INTERACTION OF MITOCHONDRIAL POTASSIUM CHANNELS WITH INTRACELLULAR PROTEINS
It was found that activation of mitochondrial large conductance calcium activated potassium channel (mitoBKCa) preserves brain and heart muscle cells. In brain tumor cells, the respiratory chain modulates activity of the channel and might interact with the regulatory subunit of the mitoBKCa. Therefore the aim of the project is to characterize the regulation and interactions of mitoBKCa channel subunits with other
proteins. We also showed that the BK-VEDEC isoform of pore forming subunit of BKCa-type channel assembles in mitochondria to form a functional mitoBKCa channel. Revealing the regulation mechanisms and interactions between potassium channels of the inner mitochondrial membrane and other mitochondrial proteins (such as respiratory chain complexes) will help improve our understanding of cytoprotection mechanism induced by activation of mitochondrial potassium channels.

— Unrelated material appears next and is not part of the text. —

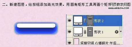 2、新建一個圖層,給按鈕添加高光效果。用圓角矩形工具再畫一個較小的圓角矩形,如下圖。 |
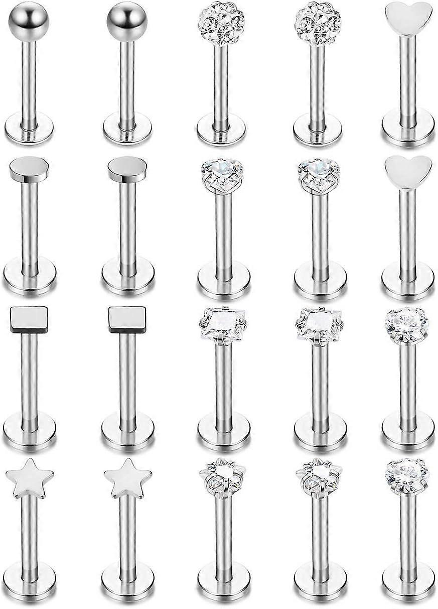 20 Pcs Stainless Steel Labret Studs Lip Rings for Men Women Nose Studs Cartilage

REGULATION OF MITOCHONDRIAL POTASSIUM CHANNELS WITH PARTICULATE MATTERS
Urban particulate matters (PM), a key component of air pollution, is a leading player of premature mortality and cardiopulmonary morbidity, associated with lung cancer, exacerbations of asthma and chronic pulmonary disease. Our data show that epithelial cells contain the functional the mitoK channels. However, the role of mitochondrial channels in epithelial cytoprotection is not known, especially in the context damage caused by urban PM or oxidative stress. We hypothesize that activation of the mitoK channels contribute to signaling pathway leading to cytoprotection of human epithelial cells upon damage caused by urban particulate matters.